Advanced Data Structures and Algorithms

This book requires that you first read Data Structures.

This book requires that you first read Algorithms.

This is a book to complement the Data Structures book and the Algorithms book, and assumes these books as prerequisites.

There are two conflicting goals in online book writing:

to be an introduction to fundamental material
to be a complete reference work that includes discussions of tangential material

We've decided to do both. The Data Structures text and the Algorithms text focus on just the fundamentals. This book (Advanced Data Structures and Algorithms) is a place for reference material.
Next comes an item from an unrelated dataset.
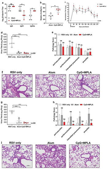 Opti-FI-RSV plus CpG + MPLA adjuvant protects mice from RSV challenge without inducing ERD when neutralizing antibody titers decrease. Female BALB/c mice (n = 5 per group) were injected intramuscularly with opti-FI-RSV combined with a Th2-biasing adjuvant (Alum) or a Th1-biasing adjuvant combination (CpG + MPLA) in a prime-boost regimen at week 0 and week 3. Animals were challenged with the RSV A2 strain intranasally at a titer of PFU on day 49 and day 273. (a,b) Pre-F-specific IgG, isotype IgG1 and IgG2a serum antibody titers were determined at 2 weeks after boosting, and IgG avidity against pre-F after 7 M urea wash was determined at the same time point. (c) Serum neutralizing antibody titers were measured using RSV A2 with the indicated schedule. (d,e) Lung virus titers and histopathology scores were evaluated at day 5 after the first challenge (d,e) and second challenge (g,h). Representative staining images are shown in (f,i). (a–d,g) The symbols indicate individual mice, the bars/lines indicate the geometric mean ± geometric SD, and the dotted lines indicate the lower limit of detection and the protective threshold. (g,h) The bars/lines indicate the mean ± SD. The data were analyzed by (a,b) t test, (d,g) one-way ANOVA followed by Tukey’s multiple comparisons post hoc test and (e,h) Kruskal-Wallis test (nonparametric) to analyze the differences between vaccination groups. The adjusted p values are shown by asterisks (ns = not significant; * ; ** ; **** ).
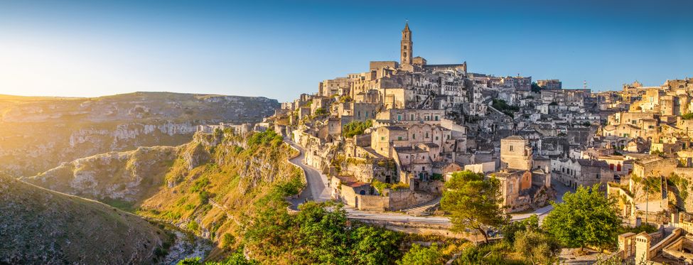 C’est dans la province de la Basilicate, au sud de l'Italie, que se trouve Matera, l'une des villes les plus anciennes et les plus captivantes du pays. Un dédale de rues étroites et sinueuses, de places accueillantes et d'églises rupestres, ainsi que des grottes classées au patrimoine mondial de l'UNESCO, confèrent à la ville un charme unique. Grâce à son riche paysage culturel typiquement italien, Matera a été promue première «capitale européenne de la culture» du sud de l'Italie en 2019.

The idea is that a student in the span of a year or less can cover those fundamentals and then move on the advanced topics in this book.

Possible topics

Parallel Programming (section; an elaboration of divide and conquer, or pipeline decoupling for streaming algorithms)
Memory Management and Garbage Collection (whole chapter)
NP-Completeness (whole chapter)
Proof of the master theorem (section)
Quadtrees and Octrees and R-trees (chapter)
Trie data structure
B-trees (chapter) (didn't we already cover this in Data Structures/Trees#B Trees and Algorithm Implementation/Trees/B+ tree ?)
(pseudo) random number generators (see Statistics/Numerical Methods/Random Number Generation, etc.)
Introspective Sort (section; a hybrid sorting algorithm)
Closures ( What Is Closure? )
Continuations ( continuations )
Cache-Aware and Cache-Oblivious Algorithms
Approximation
Maximum Flow
Primality testing (see Algorithm Implementation/Mathematics/Primality Testing, Algorithm Implementation/Mathematics/Prime number generation, Some Basic and Inefficient Prime Number Generating Algorithms, Cryptography/Mathematical Background#Primality Testing, Discrete Mathematics/Number theory#Testing for primality, Cryptography/RSA#Key Generation, etc.)

While there is no content here yet, please feel free to start writing sections! Because this book is more of a reference, chapters can be more independent of each other. Further, you can assume the reader already knows the basic data-structures and algorithms.

FFT Multiplication*

As covered in the Algorithms book, by breaking an integer into two parts and treating it as a polynomial, we were able to derive a better-than-grade-school multiplication algorithm. Even more gains in efficiency can be made if we break the integer into three parts instead. However, we don't need to stop there: we can generalize the technique of polynomial multiplication and interpolation by breaking an n digit binary number into a degree n polynomial, which breaks the number up into its individual digits (and is the furthest we can divide such a number).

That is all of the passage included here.